Adaptive Random Walk Metropolis with Spectral Preconditioning

Nov 7, 2024 · 3 min read

High-Level Overview

In Bayesian inference, we often need to sample from complex, high-dimensional posterior distributions that are non-conjugate. While MCMC algorithms like the Random Walk Metropolis (RWM) are the standard, they can fail when the posterior distribution has a difficult geometry—for example, if parameters are highly correlated.

This project implements a “smarter” RWM sampler that first learns the posterior’s geometry and then adapts its proposals, making it far more efficient at exploring these difficult, correlated spaces.

The Challenge: A Difficult, Misspecified Posterior

To test our sampler, we created a dataset with a known set of problems:

  1. Multicollinearity: The covariates in our design matrix $Z$ are deliberately correlated.
  2. Non-linear Data: One covariate, $x$, was sampled from a bimodal (U-shaped) distribution, creating sparse data in the middle.
  3. Skewed Errors: The noise was sampled from a Skew-Normal distribution, not a simple, symmetric Gaussian.

We then tried to fit two models to this data: a (wrong) misspecified linear model and the (correct) quadratic model that actually generated the data.

This setup creates a non-conjugate posterior distribution that is very difficult to sample from. The posterior for our true (quadratic) model is:

$$ p(\theta \mid y) \propto \left[ \prod_{i=1}^n \frac{2}{\sigma} \, \phi\left( \frac{y_i - (z_i^\top \beta + \gamma x_i^2)}{\sigma} \right) \, \Phi\left( \alpha \cdot \frac{y_i - (z_i^\top \beta + \gamma x_i^2)}{\sigma} \right) \right] \cdot \exp\left( -\frac{1}{2} \|\theta\|^2 \right) $$

The Model: Adaptive RWM with Spectral Preconditioning

A standard Random Walk Metropolis (RWM) algorithm proposes new steps using a standard Gaussian:

$$ \theta^* = \theta^{(t)} + h \, \epsilon, \quad \epsilon \sim N(0, I) $$

This is “isotropic”—it tries to move the same distance in all directions. This is inefficient for a posterior shaped like a long, narrow valley (which is what correlation creates).
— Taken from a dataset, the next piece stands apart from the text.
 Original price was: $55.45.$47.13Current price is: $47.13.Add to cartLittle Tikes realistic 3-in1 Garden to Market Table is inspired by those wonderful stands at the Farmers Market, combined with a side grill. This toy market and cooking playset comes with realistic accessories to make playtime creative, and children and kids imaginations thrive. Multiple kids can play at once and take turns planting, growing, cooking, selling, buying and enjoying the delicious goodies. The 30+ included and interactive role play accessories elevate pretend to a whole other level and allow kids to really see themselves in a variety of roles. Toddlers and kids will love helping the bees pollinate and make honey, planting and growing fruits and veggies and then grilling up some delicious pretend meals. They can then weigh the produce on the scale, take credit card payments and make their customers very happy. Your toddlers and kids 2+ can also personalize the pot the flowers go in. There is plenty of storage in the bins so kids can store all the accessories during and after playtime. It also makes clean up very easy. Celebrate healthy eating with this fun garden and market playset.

Our model adds two enhancements:

  1. Spectral Preconditioning: We first run a short “burn-in” chain to estimate the posterior covariance, $\widehat{\Sigma}$. We then use spectral decomposition ($\widehat{\Sigma} = Q\Lambda Q^T$) to find the posterior’s main axes of variance. We use this to “rotate and scale” our proposal to match the target’s geometry:

    $$ \theta^* = \theta^{(t)} + h L_{spec}\epsilon \quad \text{(where } L_{spec} = Q\Lambda^{1/2} \text{)} $$
  2. Adaptive Step Size: We automatically tune the step size $h$ to target the optimal acceptance rate ($\alpha^* \approx 0.234$) using the Robbins-Monro algorithm. This ensures the chain is always exploring efficiently.
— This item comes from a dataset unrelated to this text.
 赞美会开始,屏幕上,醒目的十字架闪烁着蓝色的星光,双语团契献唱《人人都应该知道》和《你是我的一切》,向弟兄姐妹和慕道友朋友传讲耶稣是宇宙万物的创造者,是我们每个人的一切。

    $$ h_{t+1} = h_t - \gamma_t(\hat{\alpha}_t - \alpha^*) $$

Our Approach & Results

We ran our adaptive, preconditioned RWM on both the misspecified linear model and the true quadratic model. We also ran a simple RWM and an adaptive-only RWM for comparison. We present traceplots of the quadratic and linear final models below:

Traceplots for the quadratic model.

Traceplots for the linear model.

Preconditioning is the Key to Efficiency

The simple RWM and adaptive-only RWM completely failed, producing a minimum Effective Sample Size (ESS) of less than 10. They simply could not explore the correlated posterior.

Our preconditioned sampler achieved a minimum ESS of over 1900 for the most difficult parameters. Critically, the runtime was almost identical to the failed samplers. We achieved a >200x efficiency gain for free.

A Good Sampler Can’t Fix a Bad Model

The sampler’s efficiency also allowed us to see how bad the model misspecification was.

  • The true quadratic model successfully recovered the true parameter for $\gamma$ (Estimate: 0.2484 vs. True: 0.25).
  • The misspecified linear model was wrong. It compensated for the missing $x^2$ term by biasing $\gamma$ to 1.8797.
  • Even using Bayesian Bagging on the linear model couldn’t fix it.